■ **TASK DESCRIPTION**:
Below is a listing; print exactly its lines from the one containing "Alicates de crimpado de trinquete" down to the one containing "Mar 26, 2026.", both inclusive, with every picture left out.

■ **WORKING DATA**:
==========

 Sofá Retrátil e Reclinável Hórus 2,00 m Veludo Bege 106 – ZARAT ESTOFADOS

==========

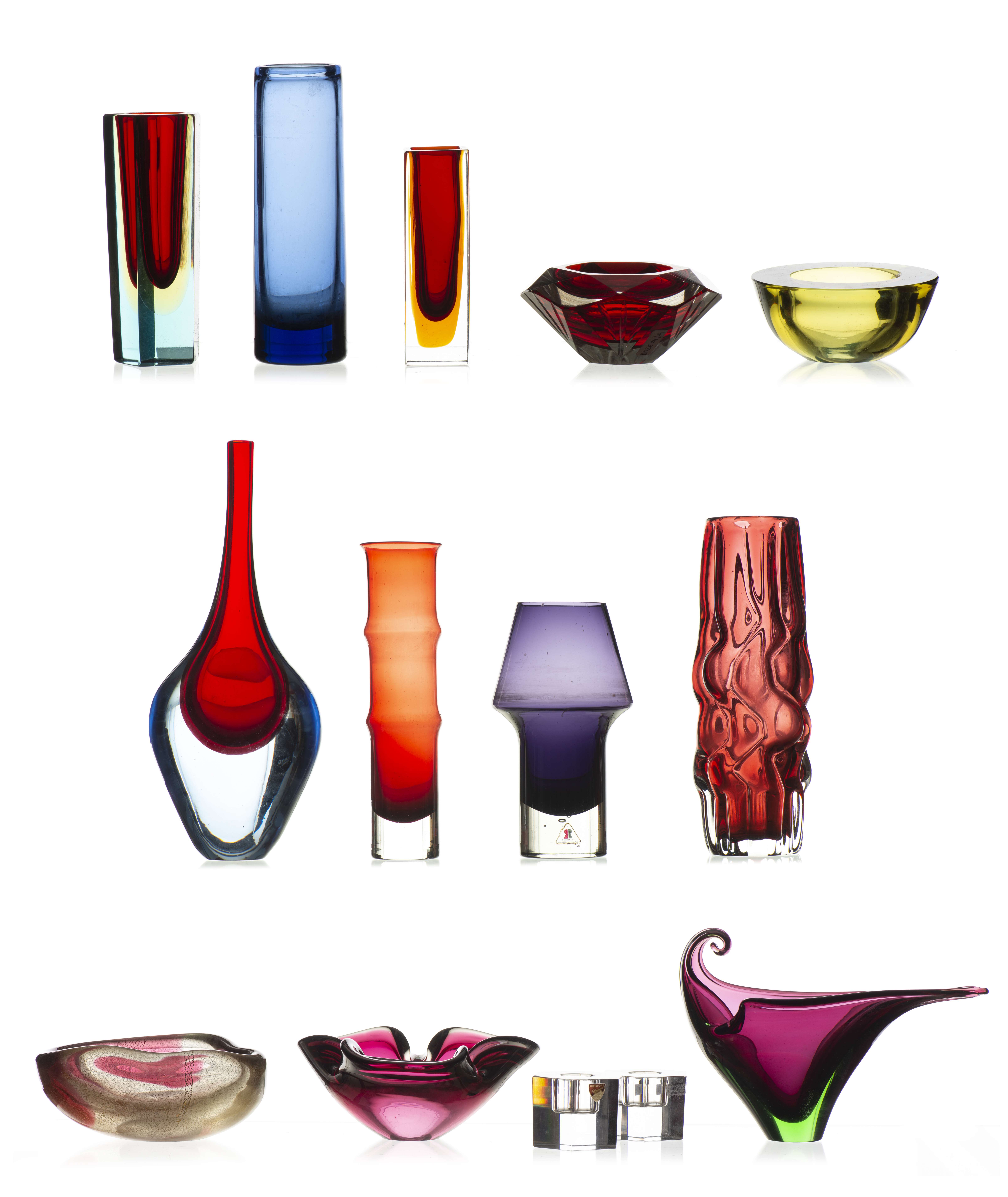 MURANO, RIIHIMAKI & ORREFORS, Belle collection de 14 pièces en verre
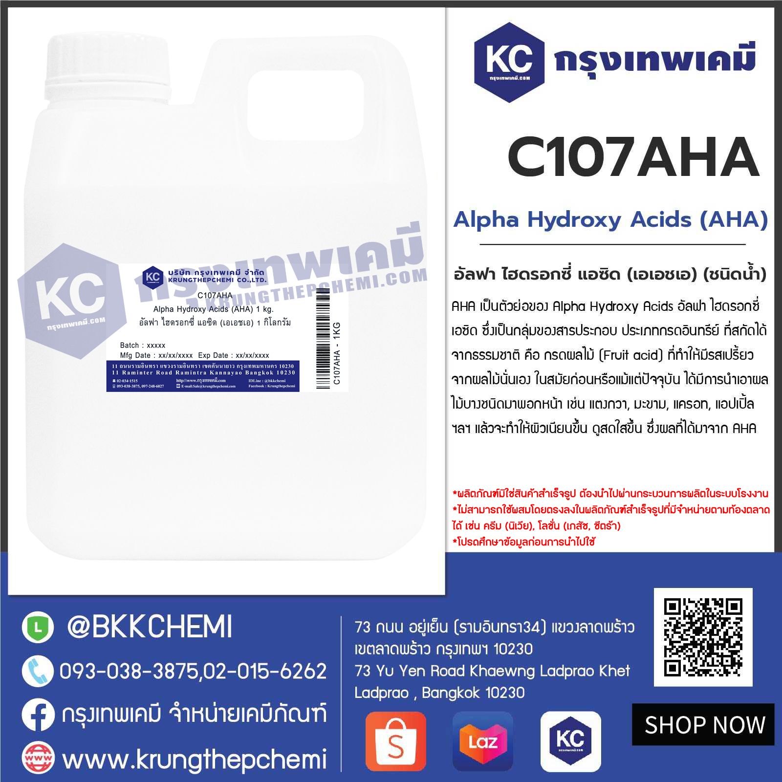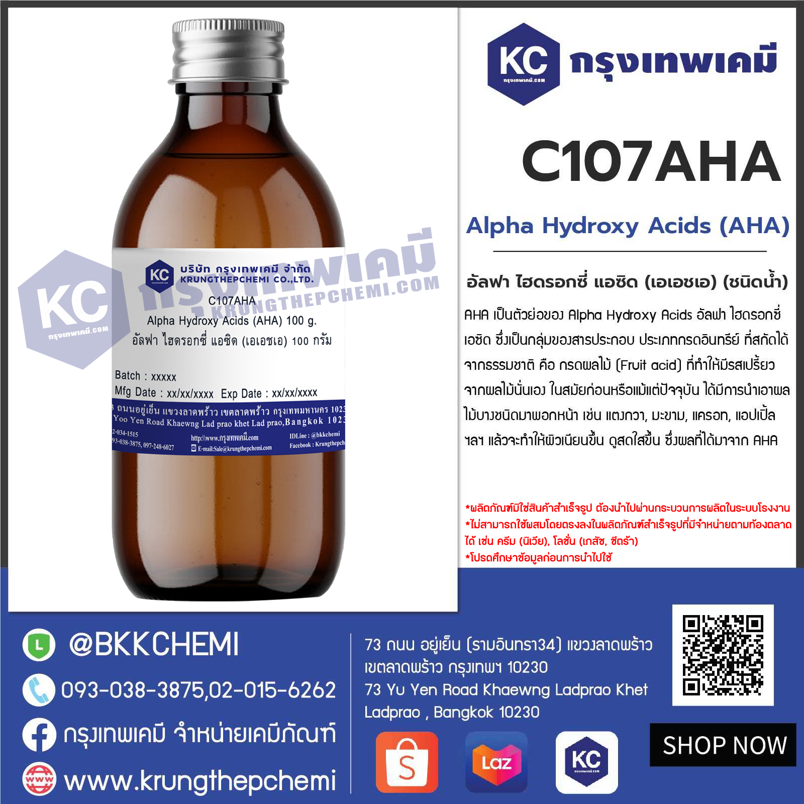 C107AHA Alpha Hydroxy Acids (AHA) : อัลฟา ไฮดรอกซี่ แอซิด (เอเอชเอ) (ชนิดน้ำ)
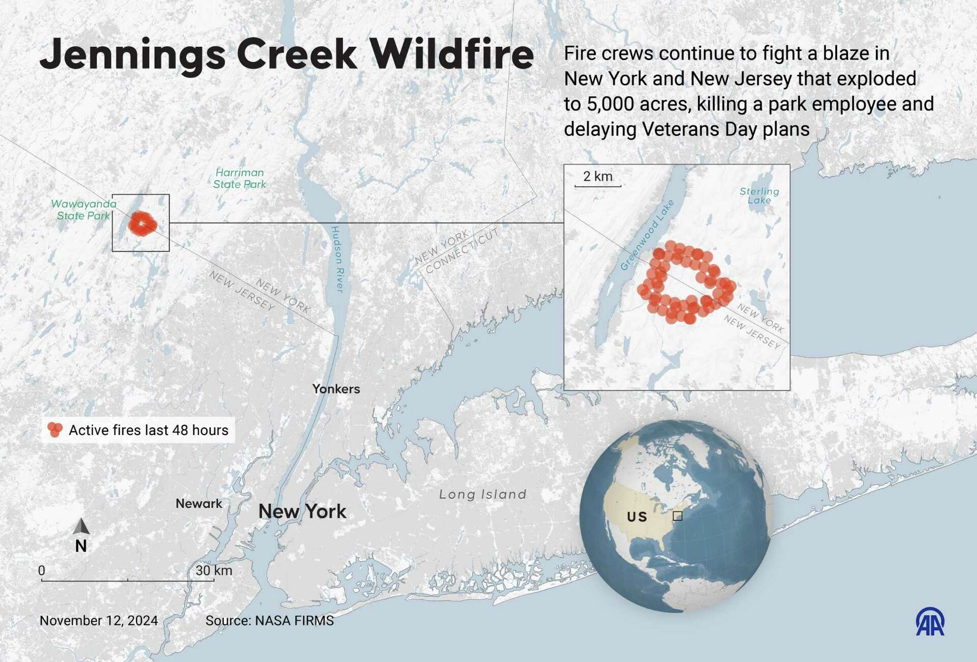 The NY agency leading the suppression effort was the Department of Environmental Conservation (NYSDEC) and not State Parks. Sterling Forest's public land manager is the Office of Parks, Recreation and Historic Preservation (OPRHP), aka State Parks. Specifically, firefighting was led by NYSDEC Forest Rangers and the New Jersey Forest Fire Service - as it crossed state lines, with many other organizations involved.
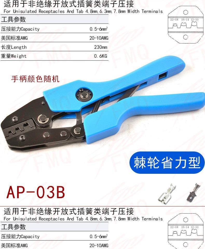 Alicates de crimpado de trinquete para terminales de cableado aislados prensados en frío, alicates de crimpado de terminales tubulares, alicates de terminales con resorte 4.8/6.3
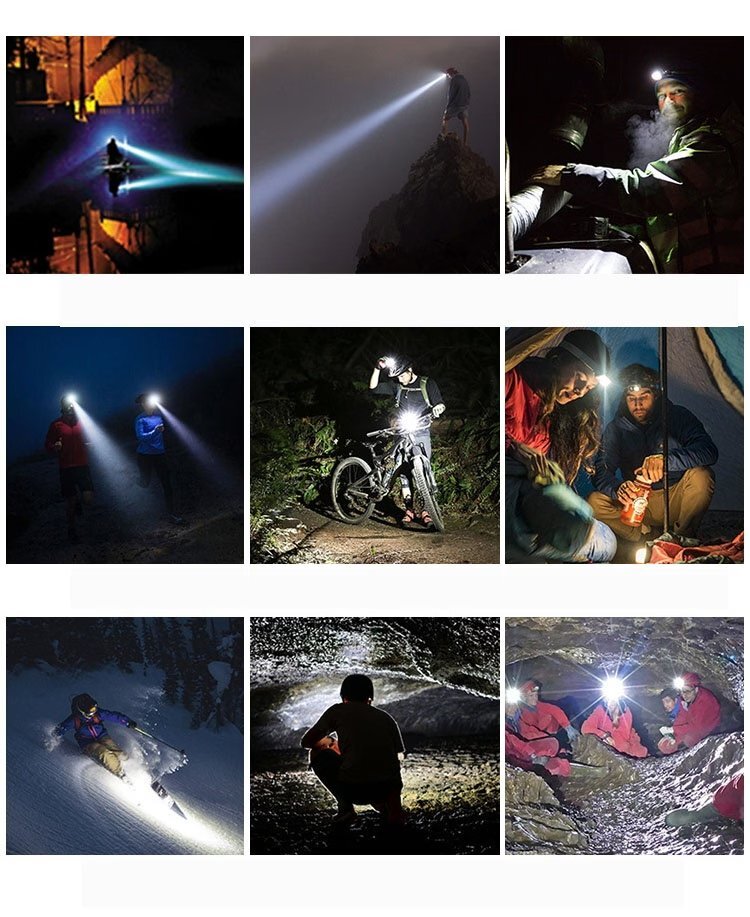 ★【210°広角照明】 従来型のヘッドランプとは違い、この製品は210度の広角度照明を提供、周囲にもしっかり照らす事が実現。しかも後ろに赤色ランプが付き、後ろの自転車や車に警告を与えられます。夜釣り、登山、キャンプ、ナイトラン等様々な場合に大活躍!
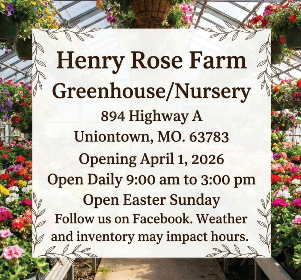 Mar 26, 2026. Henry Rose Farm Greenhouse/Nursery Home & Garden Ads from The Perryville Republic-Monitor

==========

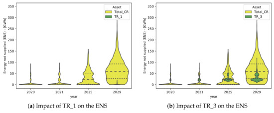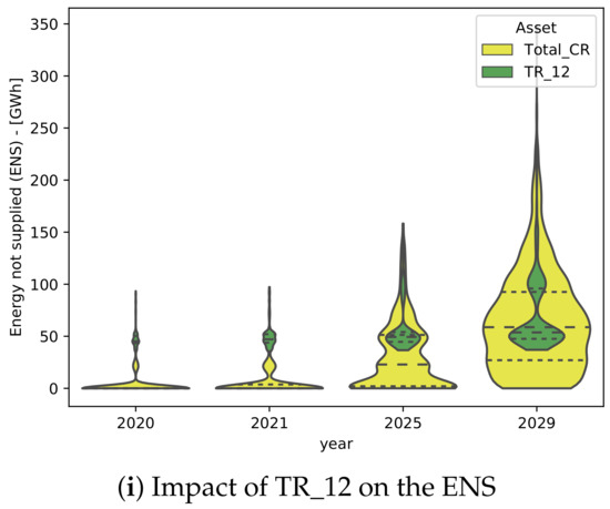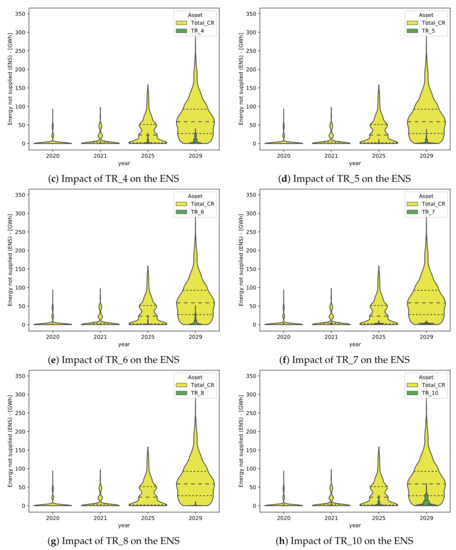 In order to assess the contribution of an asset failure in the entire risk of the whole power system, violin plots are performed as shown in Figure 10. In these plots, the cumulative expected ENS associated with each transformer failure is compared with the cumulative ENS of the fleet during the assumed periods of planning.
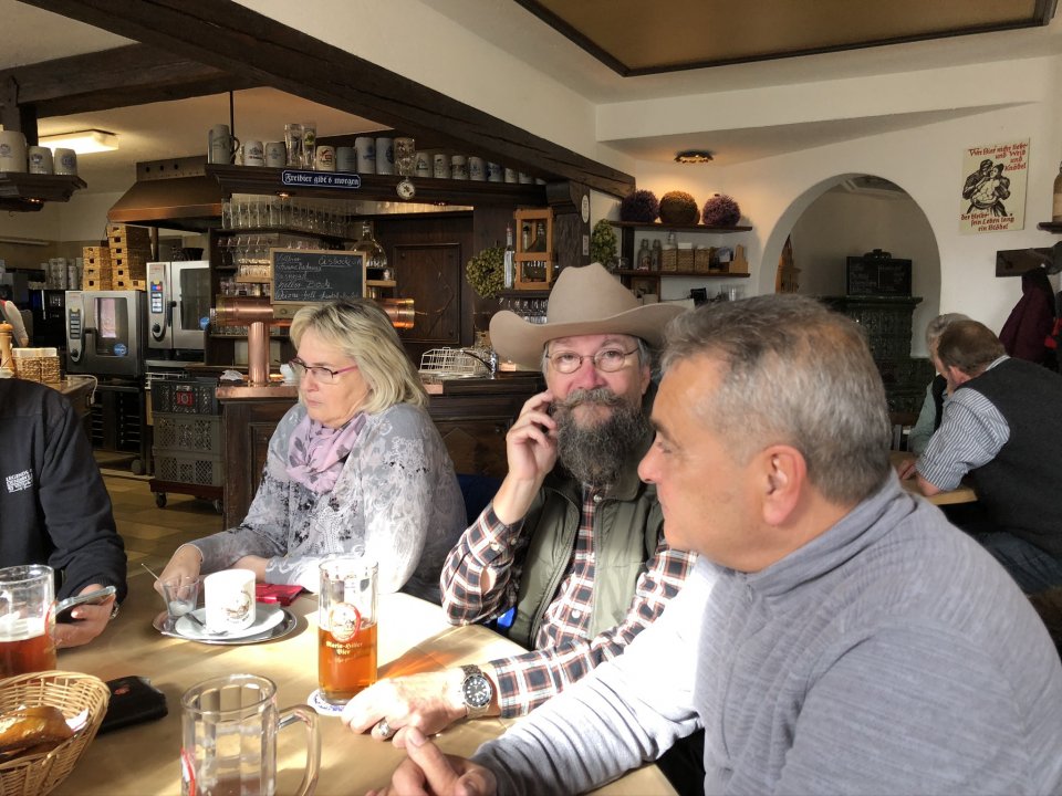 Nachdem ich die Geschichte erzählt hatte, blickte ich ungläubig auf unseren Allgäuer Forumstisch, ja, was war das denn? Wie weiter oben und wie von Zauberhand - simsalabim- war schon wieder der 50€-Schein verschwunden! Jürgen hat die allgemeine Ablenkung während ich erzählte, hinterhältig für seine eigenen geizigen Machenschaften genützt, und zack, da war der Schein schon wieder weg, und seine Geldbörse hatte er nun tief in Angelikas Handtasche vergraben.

==========

■ **WRITTEN ANSWER**:
 Alicates de crimpado de trinquete para terminales de cableado aislados prensados en frío, alicates de crimpado de terminales tubulares, alicates de terminales con resorte 4.8/6.3
 ★【210°広角照明】 従来型のヘッドランプとは違い、この製品は210度の広角度照明を提供、周囲にもしっかり照らす事が実現。しかも後ろに赤色ランプが付き、後ろの自転車や車に警告を与えられます。夜釣り、登山、キャンプ、ナイトラン等様々な場合に大活躍!
 Mar 26, 2026. Henry Rose Farm Greenhouse/Nursery Home & Garden Ads from The Perryville Republic-Monitor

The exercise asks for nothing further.